FIRST COMMENT BY EBAYER:

'Hoard' coins, that have been stored in the same place for years, tend to take on a similar if not the same patination, however these coins' patination looks rather diverse, strongly suggesting that they were much more recently 'put together.'

MY RESPONSE:

I am no expert but would not the color vary due to the fact that the coins are made of widely different metal purity and compositions?

EBAYER RESPONSE:

If all these coins were stored together in the same environment for as long as is suggested they would all have a similar patination regardless of composition. There is just way too much variance for them all to have come from the same place. You are, of course, entitled to your opinion, however, these are obviously not a 'hoard.'

MY RESPONSE:

So the color should be exactly the same regardless of metal composition even if the coins have been out of the original environment for more than 25 years and stored in various places in a humid environment like Florida?
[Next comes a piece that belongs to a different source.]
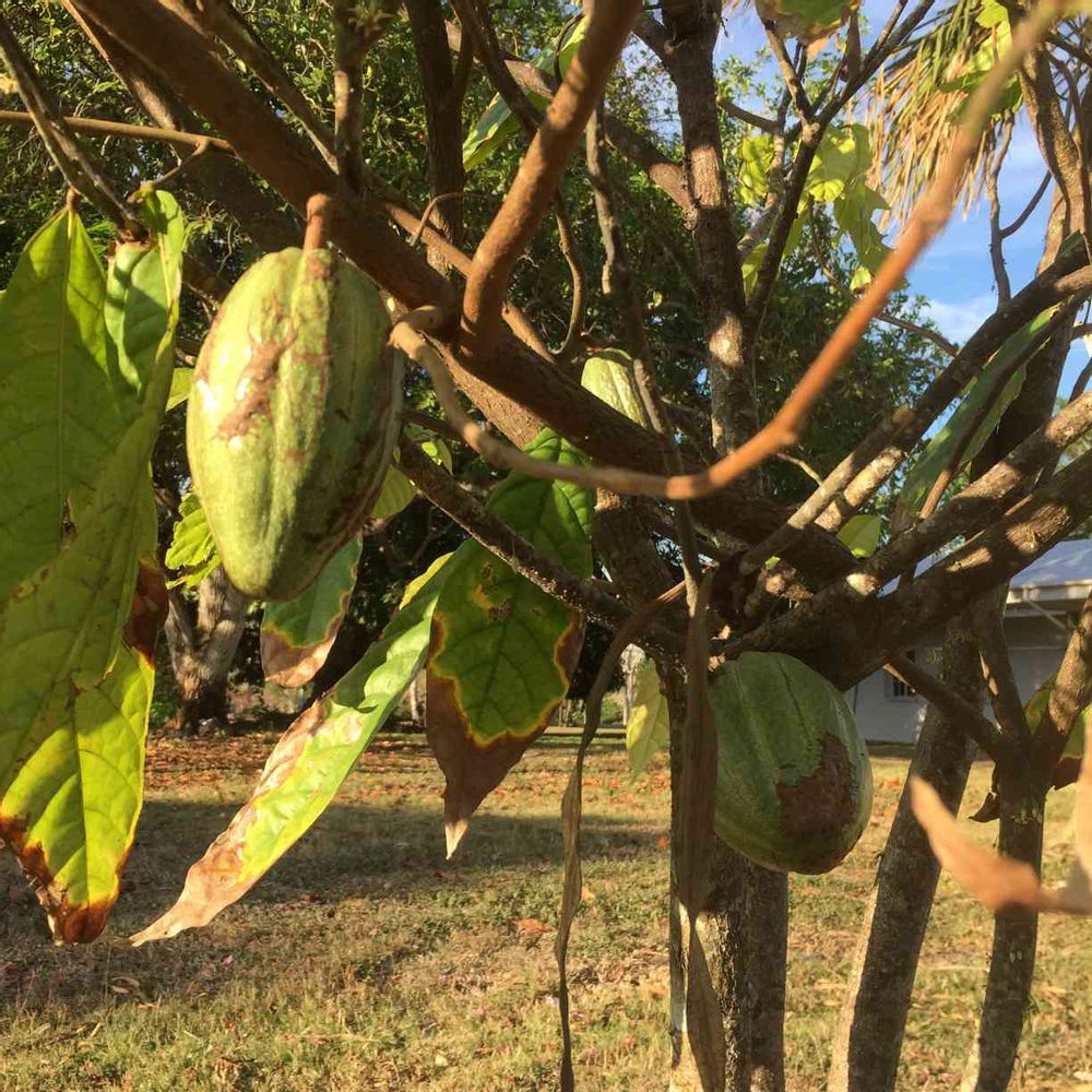 相方さんとココナッツを取りに行ったらこの木のみを発見しました。カカオらしいです。
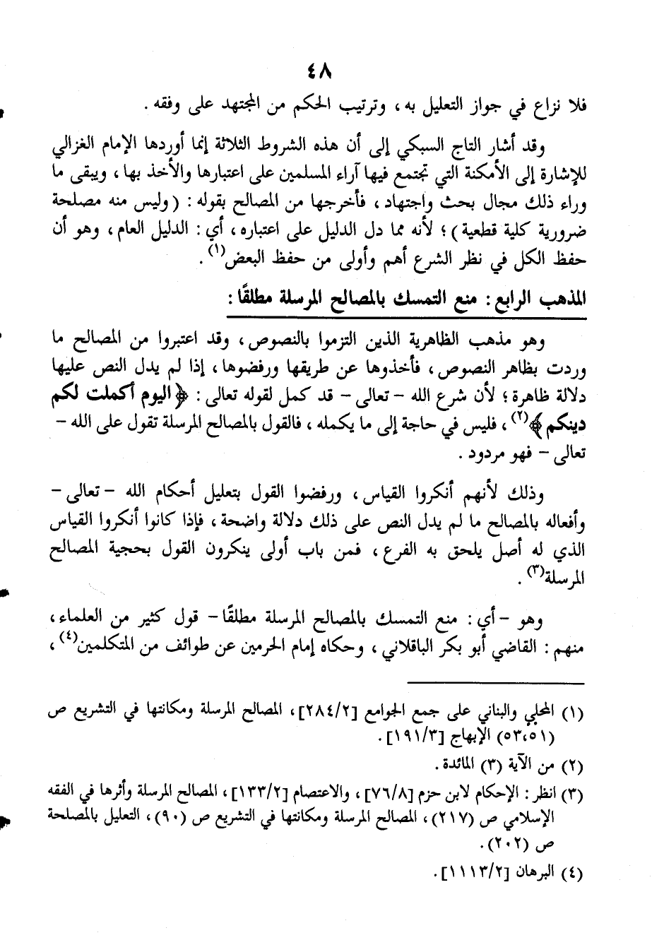 وهو ـ أي: منع التمسك بالمصالح المرسلة مطلقاً ـ قول كثير من العلماء منهم: القاضي أبو بكر الباقلاني، وحكاه إمام الحرمين عن طوائف من المتكلمين

Can you please tell me the research you have based this on or point me to a website that has this information?

EBAYER RESPONSE:

'The rate at which patina accumulated on a coin is proportional to the concentration of pollutants in the air. The nasty, sulfur-laden air over a major city will tone a coin faster than the air in an isolated forest. Local environmental factors also can speed the process. Silverware, both sterling and plate, is famous for tarnishing rapidly in the presence of egg yolks, which have a significant amount of organically bound sulfur. The black tarnish is nothing more than silver sulfide. Coins stored in the same environment for a number of years, over decades or even centuries will all display a similar patina.'

MY RESPONSE:

I think you have formulated your opinion either on something you have read or heard, or you have first hand experience or you are making this up. So I ask again, on what research or information do you base your conclusions on?

EBAYER’S LAST RESPONSE:

I can see that this is pointless, however you should know that I am the author of several papers concerning contemporary counterfeit halfpence, and I can tell you that the story in your description is 'formulated' and that the coins were thrown together only recently. I've heard every story imaginable, since 1969, and this is just another.
Good luck with your auctions.


CONCLUSION

The EBAYER did not back up any of his comments but he did succeed in leaving me with my own doubts about the guy I bought the coins from, so I decided to ask some of the members of my regional coin association, including some ancient coin numismatists and some colonial copper specialists. I received varying opinions but generally they told me the EBAYER was partially right but only if the coins were buried in the ground or were in a humid unchanging environment. In fairness to the EBAYER, I did use the word "excavation" in the story which may imply to some that the coins were buried. The box containing the coins was found in a root cellar under a false floor. Root cellars are nice and dry and have some air circulation; not too little, not too much - about as perfect a place as you could find back then to preserve something. Additionally, the club members mostly agreed that the varying metal compositions and 25 years out of the original location would affect the color. I can't prove the story, so the final decision is up to you.